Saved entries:
=====

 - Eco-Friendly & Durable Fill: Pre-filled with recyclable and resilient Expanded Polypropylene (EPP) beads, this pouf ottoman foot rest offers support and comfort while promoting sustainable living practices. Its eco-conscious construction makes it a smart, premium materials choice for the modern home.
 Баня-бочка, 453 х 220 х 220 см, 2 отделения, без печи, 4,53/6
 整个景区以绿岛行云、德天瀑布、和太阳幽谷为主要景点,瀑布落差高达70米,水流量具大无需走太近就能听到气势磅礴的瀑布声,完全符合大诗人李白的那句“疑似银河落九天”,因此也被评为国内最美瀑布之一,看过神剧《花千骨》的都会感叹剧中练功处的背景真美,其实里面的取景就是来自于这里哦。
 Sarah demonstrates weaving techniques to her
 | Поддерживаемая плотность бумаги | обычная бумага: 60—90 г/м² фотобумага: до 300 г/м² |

=====

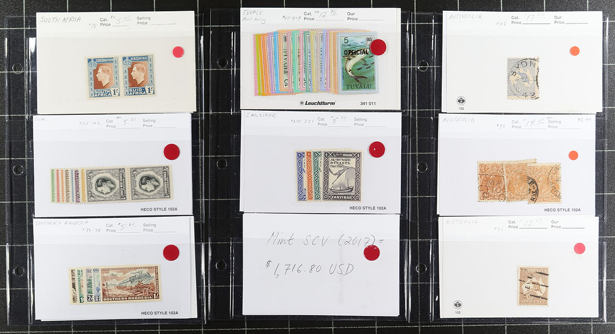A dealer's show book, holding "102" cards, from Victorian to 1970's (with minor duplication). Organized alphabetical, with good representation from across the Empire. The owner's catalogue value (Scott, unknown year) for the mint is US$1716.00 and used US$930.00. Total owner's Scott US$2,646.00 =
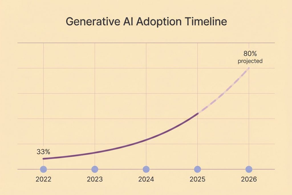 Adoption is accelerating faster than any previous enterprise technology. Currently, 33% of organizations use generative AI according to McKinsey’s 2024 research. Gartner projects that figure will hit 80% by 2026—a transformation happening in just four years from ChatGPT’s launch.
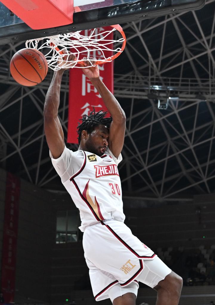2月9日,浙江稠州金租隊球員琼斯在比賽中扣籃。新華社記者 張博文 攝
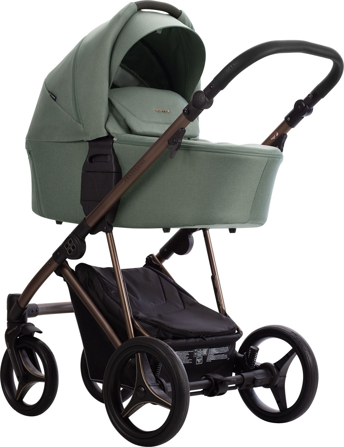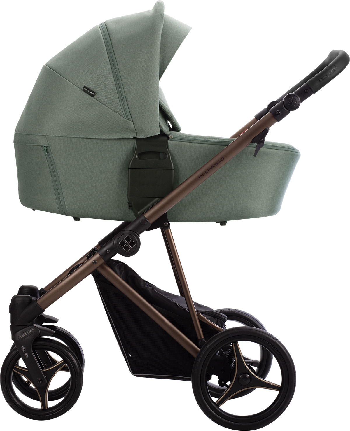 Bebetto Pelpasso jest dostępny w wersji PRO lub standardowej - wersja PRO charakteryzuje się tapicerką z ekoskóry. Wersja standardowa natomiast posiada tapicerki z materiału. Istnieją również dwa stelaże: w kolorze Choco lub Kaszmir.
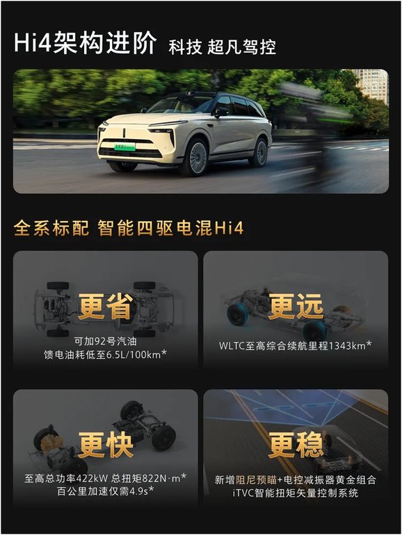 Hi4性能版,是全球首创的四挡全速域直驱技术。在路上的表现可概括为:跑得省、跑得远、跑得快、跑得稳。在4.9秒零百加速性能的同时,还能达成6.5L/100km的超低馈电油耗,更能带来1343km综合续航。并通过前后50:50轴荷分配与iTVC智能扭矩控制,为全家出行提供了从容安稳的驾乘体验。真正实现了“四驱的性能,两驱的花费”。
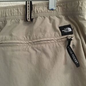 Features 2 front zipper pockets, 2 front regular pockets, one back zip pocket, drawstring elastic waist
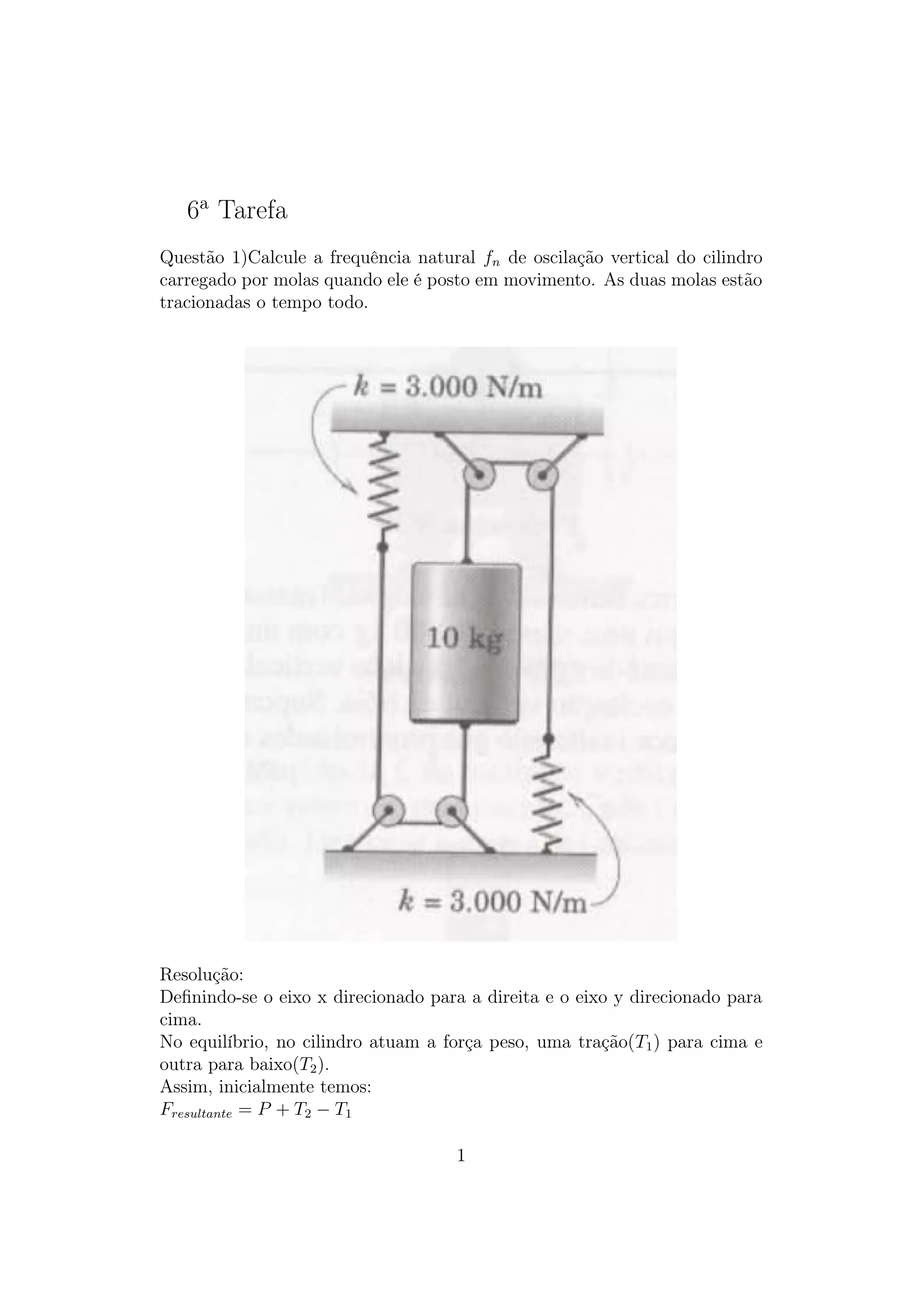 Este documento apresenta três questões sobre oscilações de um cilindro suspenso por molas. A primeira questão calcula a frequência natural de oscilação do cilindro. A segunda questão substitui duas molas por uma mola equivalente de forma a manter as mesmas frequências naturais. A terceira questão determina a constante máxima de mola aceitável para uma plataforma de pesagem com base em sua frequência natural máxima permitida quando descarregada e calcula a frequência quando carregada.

=====

Could you transcribe exactly the entries above, but only the lines from the one with "Hi4性能版,是全球首创的四" through the one with "Este documento apresenta", and without pictures?

**Result for this task:**
 Hi4性能版,是全球首创的四挡全速域直驱技术。在路上的表现可概括为:跑得省、跑得远、跑得快、跑得稳。在4.9秒零百加速性能的同时,还能达成6.5L/100km的超低馈电油耗,更能带来1343km综合续航。并通过前后50:50轴荷分配与iTVC智能扭矩控制,为全家出行提供了从容安稳的驾乘体验。真正实现了“四驱的性能,两驱的花费”。
 Features 2 front zipper pockets, 2 front regular pockets, one back zip pocket, drawstring elastic waist
 Este documento apresenta três questões sobre oscilações de um cilindro suspenso por molas. A primeira questão calcula a frequência natural de oscilação do cilindro. A segunda questão substitui duas molas por uma mola equivalente de forma a manter as mesmas frequências naturais. A terceira questão determina a constante máxima de mola aceitável para uma plataforma de pesagem com base em sua frequência natural máxima permitida quando descarregada e calcula a frequência quando carregada.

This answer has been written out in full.